Microvast Holdings, Inc.
- Company type: Public
- Traded as: Nasdaq: MVST
- ISIN: US59516C1062
- Industry: Automotive Li-ion Batteries, Energy storage systems
- Founded: 2006; 20 years ago
- Headquarters: Stafford, Texas, U.S.
- Key people: Yang Wu (CEO)
- Revenue: US$306.6 million (2023)
- Website: microvast.com

= Microvast =

Lithium ion battery company

Microvast Holdings, Inc. is a battery technology company headquartered in Stafford, Texas, and publicly traded on the NASDAQ Stock Exchange.
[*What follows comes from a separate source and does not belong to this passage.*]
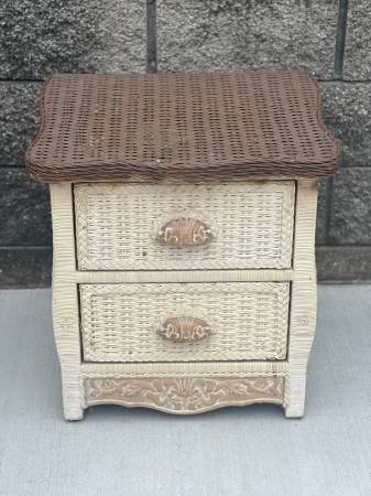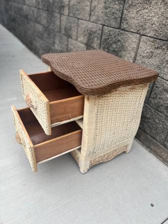 Pier 1 Imports 2 drawer nightstand….good condition, just needs a good cleaning. Made of wicker and rattan. Drawers are on roller glides and has original hardware. Measurements are 21 3/4” wide, 18”...

It designs, develops and manufactures battery components and systems primarily for electric commercial vehicles and utility-scale energy storage systems (ESS). Microvast has manufacturing facilities in the United States, China, and Germany.

== History ==

Microvast was founded by Yang Wu in 2006 in Houston, Texas, along with its Chinese subsidiary, Microvast Power Systems (微宏动力系统) in Huzhou, China. It introduced its first generation of batteries in 2009, with manufacturing starting in 2010 in Huzhou factory.

By March, 2017, it began construction on its "Phase III" production facility in Huzhou.

In 2019, the company, in a joint work with researchers from Argonne National Laboratory won a R&D 100 award for a novel "High-energy density and safe battery system".

In July 2020, Microvast inaugurated its new Germany factory in Ludwigsfelde, with production planned to start in March 2021.

On February 10, 2021, Tennessee officials and Microvast announced that the company will establish a new manufacturing facility in Clarksville to manufacture battery cells, modules and packs, with the production expected to begin in the summer of 2022.

On July 26, 2021, the company went public through a merger with a special-purpose acquisition company.

On November 1, 2021, Microvast opened a new R&D center in Orlando, Florida.

=== Canceled federal grant ===
On Oct. 19, 2022 the U.S. Department of Energy released "Bipartisan Infrastructure Law Battery Materials Processing and Battery Manufacturing & Recycling Funding Opportunity Announcement", awarding US$2.8 billion to a number of public and private US companies. The company was awarded US$200 million to support development of a Thermally Stable Polyaramid Separator Manufacturing Plant in Clarksville, Tennessee, in partnership with General Motors. The federal grant generated criticism from U.S. representative Frank Lucas and U.S. senator John Barrasso.

In May 2023, the U.S. Department of Energy canceled the $200 million award to Microvast. A planned Microvast plant in Hopkinsville, Kentucky was halted as a result.